| HUMAN RIGHTS — Rights to freedom of expression and peaceful enjoyment of possessions — Interference with — Refusal of sex establishment licence — Applicant’s Convention rights not considered — Decision to refuse licence not itself violating rights — Whether should be quashed — Human Rights Act 1998, Sch 1, Pt I, art 10, Pt II, art 1
LICENSING — Sex establishment — Objections — Licence refused — Whether licensing authority wrong to consider objections made after expiry of 28-day period — Local Government (Miscellaneous Provisions) (Northern Ireland) Order 1985, Sch 2, para 10(15)(16)
Belfast City Council v Miss Behavin’ Ltd [2007] UKHL 19
HL(NI): Lord Hoffmann, Lord Rodger of Earlsferry, Baroness Hale of Richmond, Lord Mance and Lord Neuberger of Abbotsbury: 25 April 2007
A licensing authority, in refusing an application for a sex establishment licence, had been entitled to take objections and representations made after the expiry of the prescribed 28-day period into account.

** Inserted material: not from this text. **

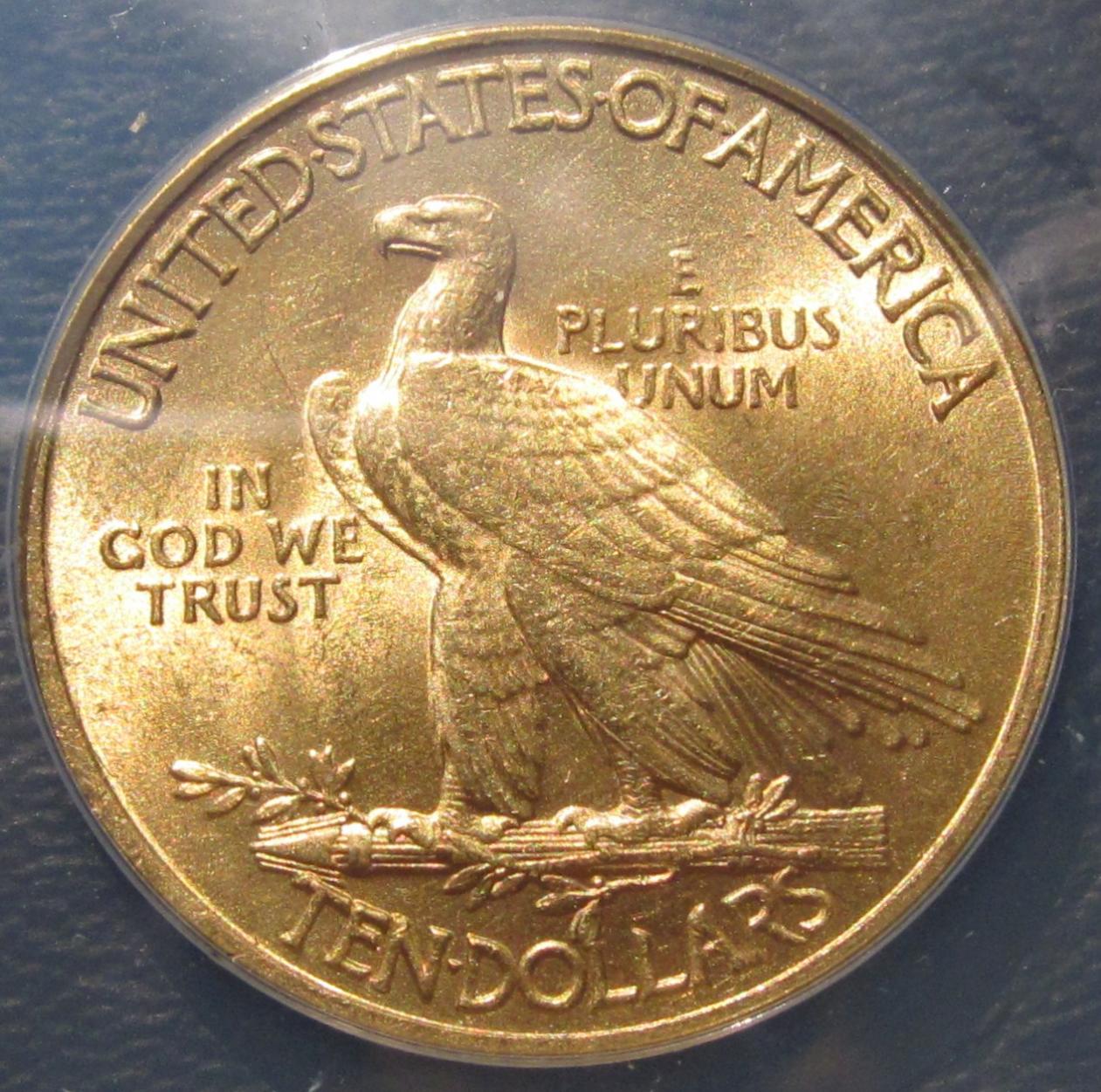 A couple months ago I scoped-out this pretty Indian 10 dollar gold coin. As I recall, I got it for something like $100 over the spot price. The $10 Indian happened to be from the same dealer that just sold me the Coronet five dollar piece. In the case of the $10 Indian, I bought it when gold was apparently going up. In the case of the $5 Coronet, I bought it after gold had gone down about $50/oz.

Where it had acted fairly and properly exercised its powers its decision was not vitiated by failure to refer specifically to the applicant’s Convention rights.
The House of Lords so held in allowing an appeal by Belfast City Council from the Court of Appeal in Northern Ireland (Sir Brian Kerr LCJ, Sheil LJ and Hart J) [2006] NI 181, which had allowed an appeal by the applicant company, Miss Behavin’ Ltd, from Weatherup J. The judge had dismissed its application for judicial review of the council’s refusal to grant it a licence.
LORD HOFFMANN said that in arriving at its decision to refuse the company a licence the council appeared to have considered representations and objections made outside the 28-day period prescribed by para 10(15) of Schedule 2 to the Local Government (Miscellaneous Provisions) (Northern Ireland) Order 1985 (which prescribed a system of licensing identical to that in the Local Government (Miscellaneous Provisions) Act 1982). In his Lordship’s view, a licensing authority had a discretion to consider late objections, to which the applicant should have an opportunity to comment. As to the substance of the decision, the judge and the Court of Appeal had agreed that the council had acted fairly and properly exercised its powers under the Order. The Court of Appeal, however, had said that the company’s Convention rights had been violated by the way in which the council had arrived at its decision in that it had not shown that it had been conscious of the rights that were engaged, namely the company’s rights to freedom of expression and to the peaceful enjoyment of its possessions (art 10 of the Convention and art 1 of the First Protocol). Assuming that those rights were engaged, the court’s approach was contrary to the reasoning in R (SB) v Governors of Denbigh High School [2007] 1 AC 100. If the refusal of a licence had not in fact infringed the company’s Convention rights it was immaterial that the council had not specifically referred to them.
LORD RODGER, BARONESS HALE, LORD MANCE and LORD NEUBERGER delivered concurring opinions.
|
Appearances: Richard Gordon QC (of the English Bar), John O’Hara QC (of the Northern Ireland Bar) and David Scoffield (of the Northern Ireland Bar) (Director of Legal Services, Belfast City Council) for the council; John F Larkin QC and Mark Reel (both of the Northern Ireland Bar) (Fox & Associates, Belfast) for the company.